Two separate but compounding problems showed up:

  1. Session reset rotates sessionId but can keep the old sessionFile path. The session store ends up with a fresh sessionId pointing at an unrelated/stale transcript file. The frontend then renders the wrong chat history for that session key.
  2. Failed Codex ACP/acpx launches can leave orphan codex-acp processes parented to PID 1. OpenClaw had no active ACP tasks, but OS process listing still showed orphan codex-acp processes. These correlated with sluggish/stuck agent behavior and had to be cleaned manually.

This looks related to #82274 / #82343 for Codex delivery stalls and #82318 for recovery state split-brain, but the sessionFile reuse below is a more direct reset-path bug.

Environment

  • OpenClaw: 2026.5.12 (f066dd2)
  • Codex CLI/app-server: 0.130.0
  • Node: v22.22.0
  • OS: Ubuntu Linux 5.15.0-173-generic x86_64
  • Gateway: local systemd runtime, openclaw-gateway active
  • Channels affected: Telegram direct and Telegram topic sessions
  • Agents affected: multiple configured agents sharing the same gateway
  • Install path inspected: npm/global OpenClaw package under /usr/lib/node_modules/openclaw

Private chat IDs/session keys are intentionally redacted below.

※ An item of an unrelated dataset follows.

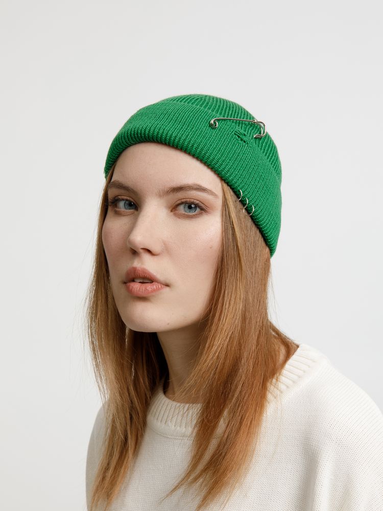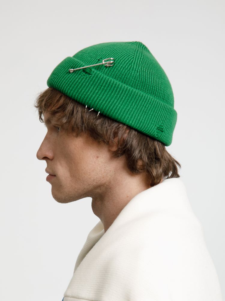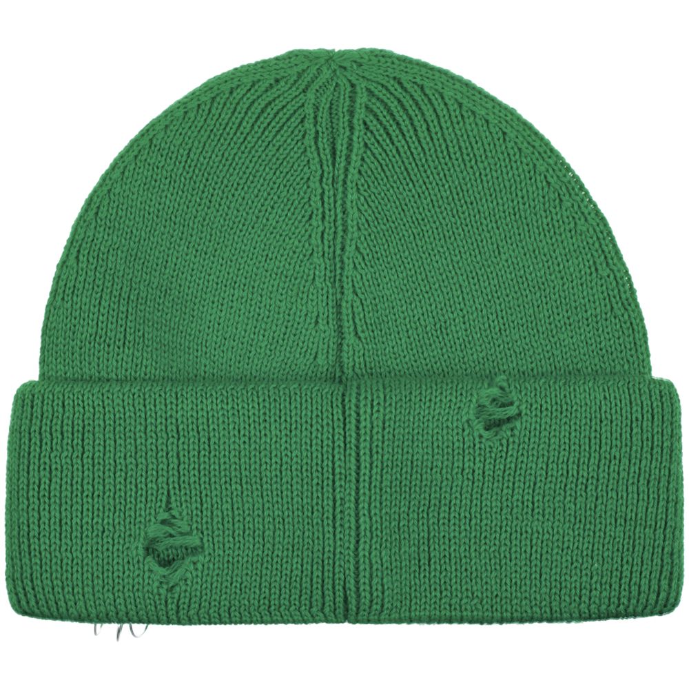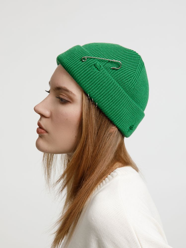 Однослойная шапка бини с рваным отворотом и металлическими аксессуарами для дерзких образов в любом возрасте. Яркий и запоминающийся акцент в стиле гранж.

Bug A: reset creates a new sessionId but preserves stale sessionFile

During incident recovery, two agent session entries had this bad shape:

sessionKey=<redacted telegram topic session>
sessionId=<new UUID>
sessionFile=<old UUID>.jsonl

In one concrete case, the sessionFile pointed at a completely unrelated older transcript from a cron/review task. The current frontend session URL for the Telegram topic therefore showed an unrelated transcript instead of the messages in that Telegram topic.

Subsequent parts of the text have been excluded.